心血管疾患を持つ300人の患者と健康な対照群を比較した研究では、対照群と比較して、患者のmiR-155の循環レベルが統計的に有意に増加したことが示されました。さらに、動脈の収縮が激しい人(ゲンシーニスコアによる)は、病気が少ない人よりもレベルが高かった(Qiu and Ma、2018)。
重要なことに、エクソソームは心臓病に関連する炎症に関与する。心筋梗塞の間、miR-155は心筋のマクロファージで急激にアップレギュレートされ、エクソソーム内の細胞外環境に放出されます。これらのエクソソームは線維芽細胞に送達され、miR-155は線維芽細胞のタンパク質をダウンレギュレートし、炎症から保護し、線維芽細胞の増殖を促進します。結果として生じる障害は心臓破裂につながる(Wang et al.、2017b)。

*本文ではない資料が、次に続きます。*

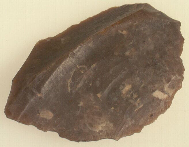 silex gris. ; Grattoir circulaire sur éclat de débitage. Talon retouché.

SARS-CoV-2スパイク糖タンパク質のS1セグメントがフリンによって切断され、循環に放出される方法についてはすでに説明しました。受容体結合ドメイン(RBD)を介してACE2受容体に結合し、その機能を阻害します。ACE2はAng IIを分解するため、ACE2を無効にするとAng IIの過剰発現に直接つながり、心血管疾患のリスクがさらに高まります。AngII誘発血管収縮は、冠動脈閉塞が存在しない場合でも、永久心筋損傷を誘発する独立したメカニズムです。Ang IIによる心臓動脈の突然の収縮の繰り返しのエピソードは、最終的に心不全または突然死につながる可能性があります(Gavras and Gavras、2002)。COVID-19ワクチン接種の致命的な症例が記載されています(Choi et al.、2021; Verma et al.、2021)。
ACE2の抑制は、元のSARS-CoVウイルスに関する研究ですでに見られました。SARS-CoVに屈した患者を対象とした剖検研究では、ACE2阻害が心臓損傷を促進する上で重要な役割があることが明らかになりました。SARS-CoVウイルスRNAは、死亡した患者から採取した20人の検死したヒト心臓サンプルの35%で検出されました。心臓がSARS-CoVに感染した患者では、心筋損傷に関連するマクロファージ浸潤が著しく増加しました。重要なことに、心臓にSARS-CoVが存在することは、ACE2タンパク質発現の著しい減少と関連していた(Oudit et al.、2009)。